なんと芭蕉ファン!伝説的なスペイン人映画監督の新作「瞳を閉じて」が日本で公開
「ミツバチのささやき」で知られる伝説的なスペイン人映画監督ビクトル・エリセによる新作映画「瞳をとじて」が2月9日から日本各地の映画館で公開される。寡作で知られるエリセ監督の長編映画は31年ぶり。俳人松尾芭蕉と「奥の細道」の大ファンで、日本との関わりが深い巨匠の新作は日本で注目を集めそうだ。 公開をまえにしてこのほど、東京都千代田区のスペイン政府機関セルバンテス文化センターで「瞳をとじて」の魅力を語る座談会が開かれた。司会したのは同文化センター文化部長のハビエル・フェルナンデスさんで、スペイン語圏の映画に詳しい東京大学の柳原孝敦教授と映画ライターの久保玲子さんが、エリセ監督との思い出や人柄などを話し合った。 フェルナンデスさんがまず「エリセ監督の新作がやっと日本に着きました」と話した。 「ミツバチのささやき」(1973年)が日本の映画ファンの間で好評を集めたのは1985年。同年には「エル・スール」(1982年)も日本公開された。そして長編第三作「マルメロの陽光」の製作は1992年。その後、今回の「瞳を閉じて」が2023年に完成するまでに31年が経過した。

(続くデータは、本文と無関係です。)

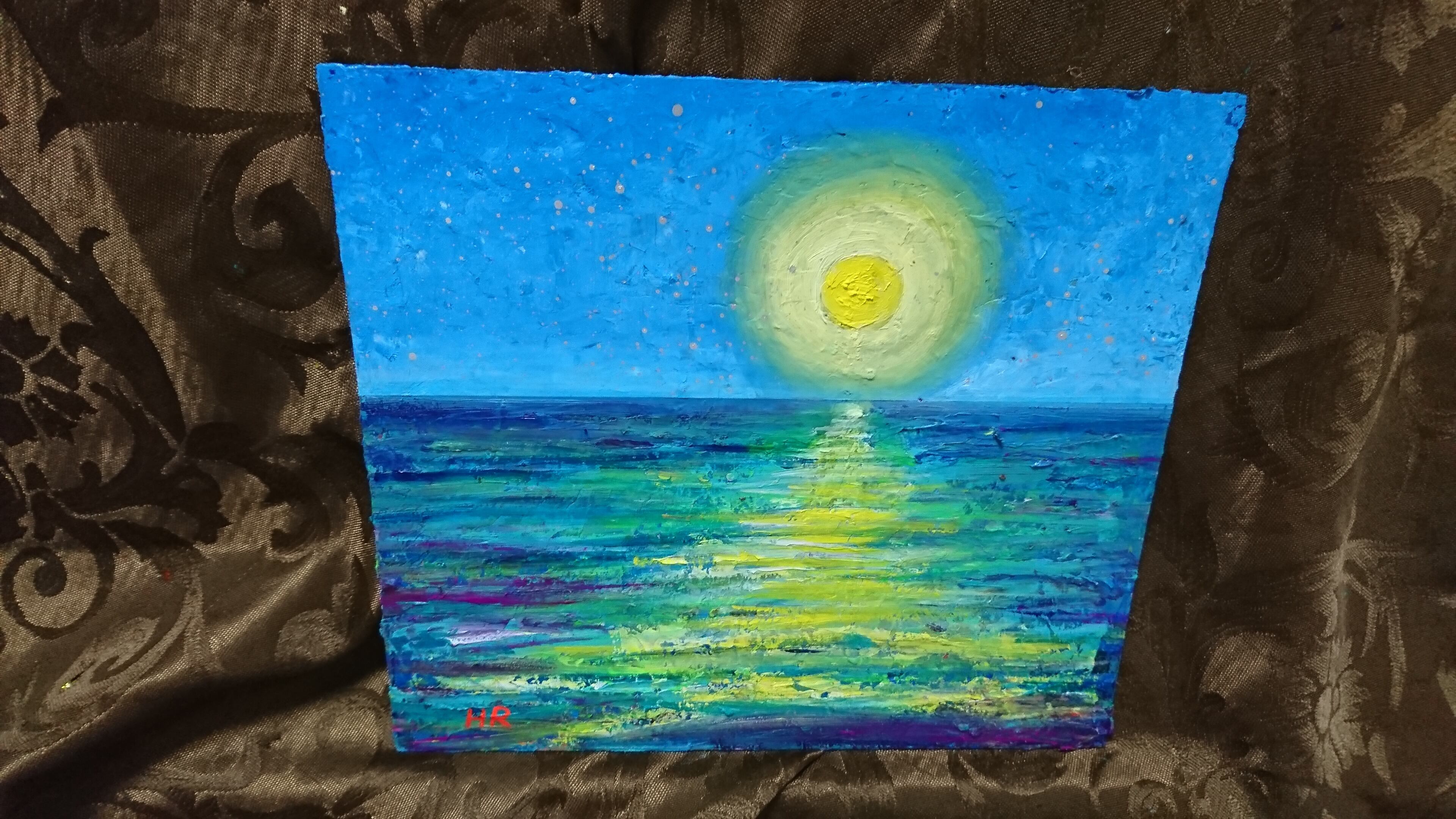 【油絵】「海」(S)色紙、 油絵、絵画、美術

久保さんが、「エリセ監督は松尾芭蕉が好きで『奥の細道』を愛読しているそうですね」と言うと、柳原教授は「1993年にエリセ監督が来日した時、彼が『奥の細道』スペイン語翻訳書を持っているのを見た」と証言した。当時大学院生だった柳原教授は、エリセ監督の通訳を務めていた。『奥の細道』はボロボロで、相当読み込まれていたという。 エリセ監督が「ミツバチのささやき」を製作していた頃、頭の中で芭蕉の辞世の句〈旅に病んで夢は枯野をかけめぐる〉をつぶやき続けていたというのは「伝説」となっている。 フェルナンデスさんが「エリセ監督は、よくしゃべるスペイン人よりも、言葉数が少ない日本人のようだ」と言うと、柳原教授は「よく考えてから言葉を発する方でした」と回想した。 「瞳を閉じて」は、元映画監督と、謎の失踪を遂げたかつての人気俳優の記憶をめぐるヒューマンミステリー。22年前、映画の撮影中に俳優が失踪する。当時の映画監督でフリオの親友でもあったミゲルは、失踪事件を追うテレビ番組に証言者として出演。ミゲルは次第にフリオと過ごした青春時代や自身の半生を追想していく。 「映画を作る」ことや「映画を見せる」ことなど、映画愛も大きなテーマとなっている。エリセ監督の集大成ともいえる新作。そこに過去の名作とどんなつながりが見てとれるか、また、どんなところに日本文化の影響が現れているか。興味は尽きない。